#### [Work task]
Return nothing but the lines from the one with "Zowel aan de" through the one with "V176 Senckenberg Gesellschaft" in the data below, word for word and without pictures.

#### [Records for processing]
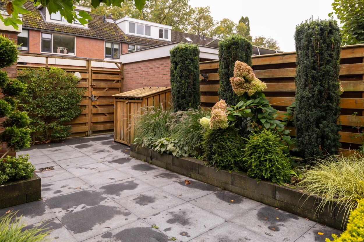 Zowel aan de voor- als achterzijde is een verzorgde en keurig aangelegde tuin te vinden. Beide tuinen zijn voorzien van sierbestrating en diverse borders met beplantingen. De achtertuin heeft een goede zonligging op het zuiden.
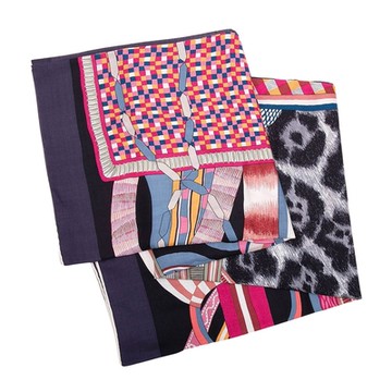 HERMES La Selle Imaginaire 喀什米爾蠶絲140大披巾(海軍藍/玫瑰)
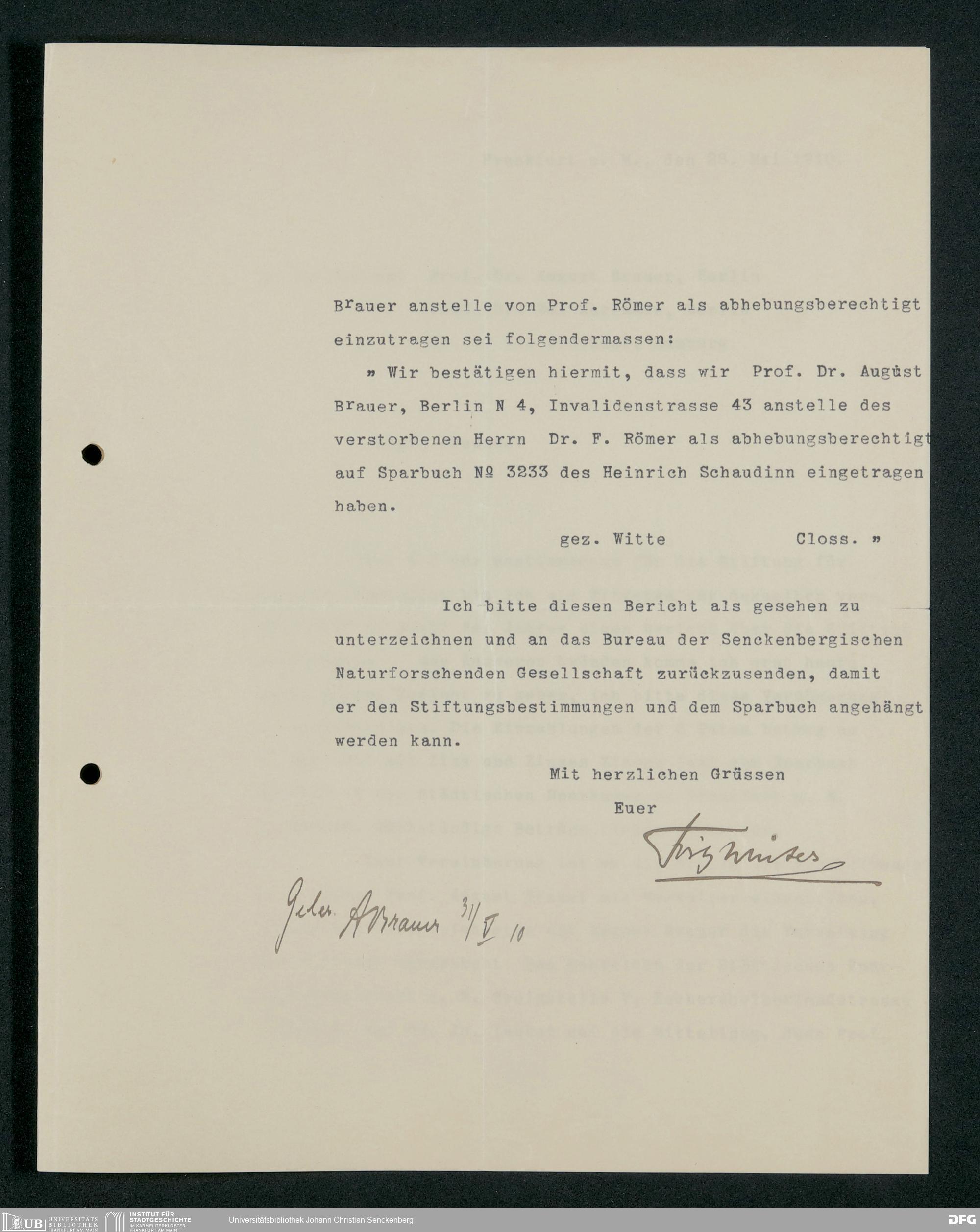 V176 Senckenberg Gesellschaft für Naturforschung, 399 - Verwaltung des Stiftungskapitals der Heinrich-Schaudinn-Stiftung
* * *
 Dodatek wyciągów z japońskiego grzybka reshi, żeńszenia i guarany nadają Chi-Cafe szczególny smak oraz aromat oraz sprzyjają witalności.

#### [Finished task]
 Zowel aan de voor- als achterzijde is een verzorgde en keurig aangelegde tuin te vinden. Beide tuinen zijn voorzien van sierbestrating en diverse borders met beplantingen. De achtertuin heeft een goede zonligging op het zuiden.
 HERMES La Selle Imaginaire 喀什米爾蠶絲140大披巾(海軍藍/玫瑰)
 V176 Senckenberg Gesellschaft für Naturforschung, 399 - Verwaltung des Stiftungskapitals der Heinrich-Schaudinn-Stiftung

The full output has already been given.